Il 28 aprile, a margine dell’Innovation cybersecurity summit a Roma, il sottosegretario alla difesa Giorgio Mulé, di Forza Italia, ha annunciato che la città sabauda è stata “scelta” per ospitare il programma Diana, dopo una selezione che ha definito “durissima”. “Torino riceverà una dote finanziaria e organizzativa dalla Nato per poter finanziare e accompagnare con le startup quelle idee che non solo nell’ambito della difesa, ma anche nelle biotecnologie, intelligenza artificiale e sicurezza, potranno nascere in Italia”, ha detto Mulé in quell’occasione. Il 4 giugno il consiglio comunale di Torino ha approvato una mozione presentata da Silvio Viale, un ex radicale noto per le sue battaglie a favore della pillola abortiva Ru486, che impegna il sindaco Stefano Lo Russo, del Pd, e la giunta di centrosinistra a “sostenere e facilitare la candidatura di Torino a diventare la sede europea della futura struttura del Defence innovation accelerator for the north Atlantic”. La mozione ha ricevuto 21 voti a favore, appena tre in meno di un ordine del giorno approvato lo stesso giorno per aderire alla campagna sul disarmo nucleare “Italia, ripensaci”, promossa dalla Rete italiana pace e disarmo e da Senzatomica, e a un appello internazionale delle città contro le armi nucleari. A votare contro sono stati solo i due esponenti del Movimento 5 stelle, mentre le due consigliere di Sinistra ecologia e libertà hanno abbandonato l’aula.
Le proteste
La guerra in Ucraina e le minacce alla sicurezza europea provenienti da est hanno creato un consenso trasversale al progetto e soffocato sul nascere qualsiasi voce critica. Così, a opporsi sono rimasti in pochi. Il 10 marzo, l’Unione sindacale di base e alcuni collettivi studenteschi hanno contestato un convegno promosso dal Politecnico insieme ad alcune aziende del settore aerospaziale. Gli attivisti hanno accusato l’università di “collusione con l’industria delle armi”. A loro dire, con il declino del settore automobilistico, nella ex città della Fiat la ricerca accademica si starebbe spostando dal settore dell’automobile verso quello della difesa, anche con “start up universitarie attive nella progettazione di sistemi aerospaziali militari”. Il 2 luglio gli antimilitaristi della Federazione anarchica italiana (Fai) hanno protestato davanti all’ingresso della galleria San Federico contro quella che definiscono “la città delle armi”.

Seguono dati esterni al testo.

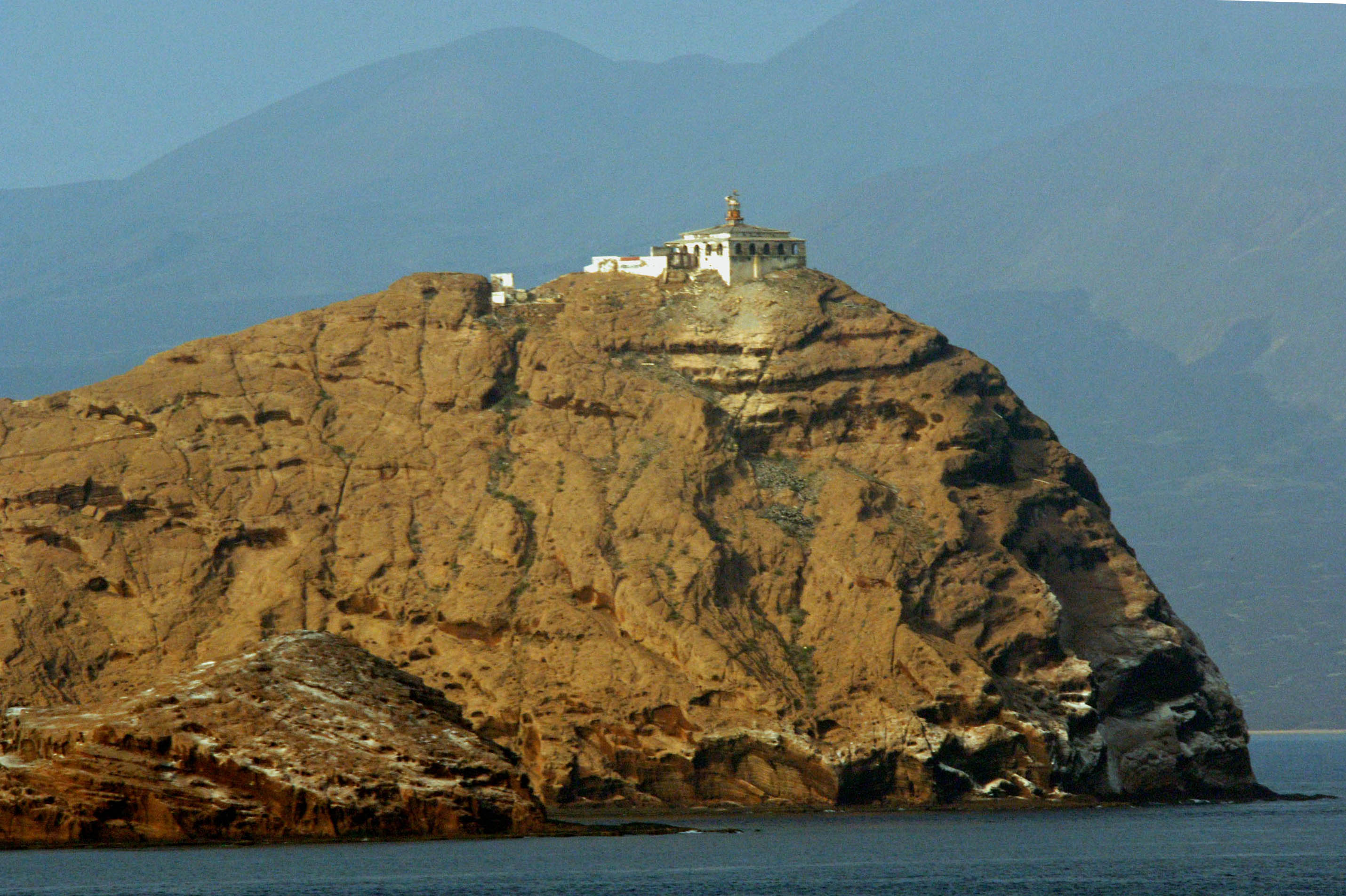 ALI LIGHT (1903) BUILT BY A PRIVATE FRENCH COMPANY, SEIZED BY THE BRITISH IN 1915, OPERATED UNDER CONTRACT BY THE FRENCH COMPANY AND THEN BY TWO BRITISH COMPANIES UNTIL, IN 1990, THE BRITISH CEDED CONTROL OF THE LIGHTHOUSES TO YEMEN. LOCATED ON A STEEP ISLAND AT THE SOUTHERN END OF THE HANISH ISLANDS.
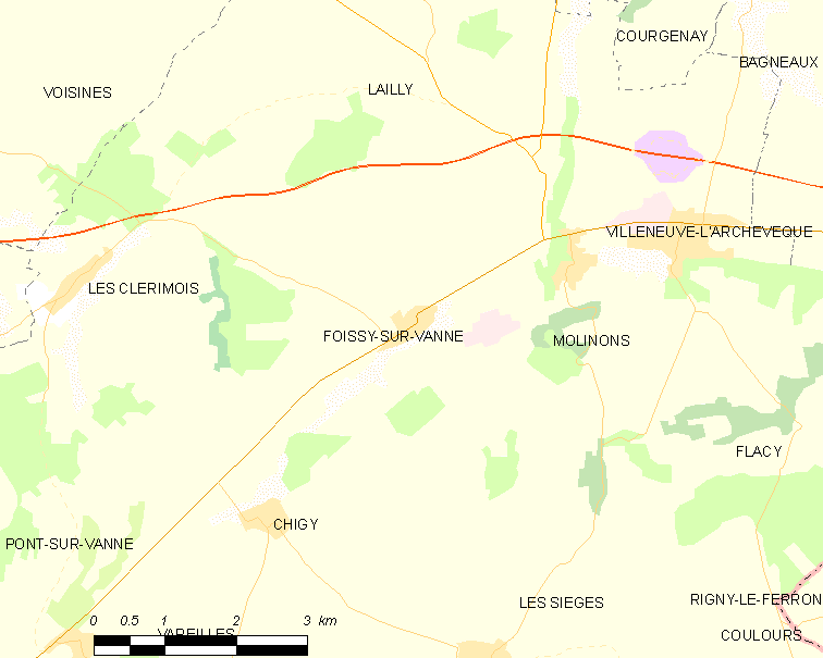 Map of French municipality Foissy-sur-Vanne

Il progetto della città dell’Aerospazio prevede la creazione di 2.600 nuovi posti di lavoro, in un settore che in Piemonte conta già 300 imprese e 20mila lavoratori. “Prevediamo 350 imprese, sette miliardi di fatturato all’anno e 25mila addetti”, ha dichiarato all’Ansa l’assessore regionale alle attività produttive Andrea Tronzano, di Forza Italia. I sindacati però sostengono di non essere stati coinvolti e lamentano la mancanza di comunicazione delle istituzioni. “Finora non c’è stato nessun confronto con il territorio e neppure all’interno delle aziende coinvolte, è una città che nasce senza cittadini”, dice il segretario della Fiom-Cgil piemontese Valter Vergnano. “Prima di pensare a nuove assunzioni, cominciamo a stabilizzare i precari di cui le aziende del settore sono piene”, hanno affermato in una nota congiunta i delegati sindacali delle aziende Altec, Avioaero, Collins, Leonardo e Thales Alenia space. “Purtroppo in questo momento i lavoratori sono solo degli spettatori”, conclude Vergnano.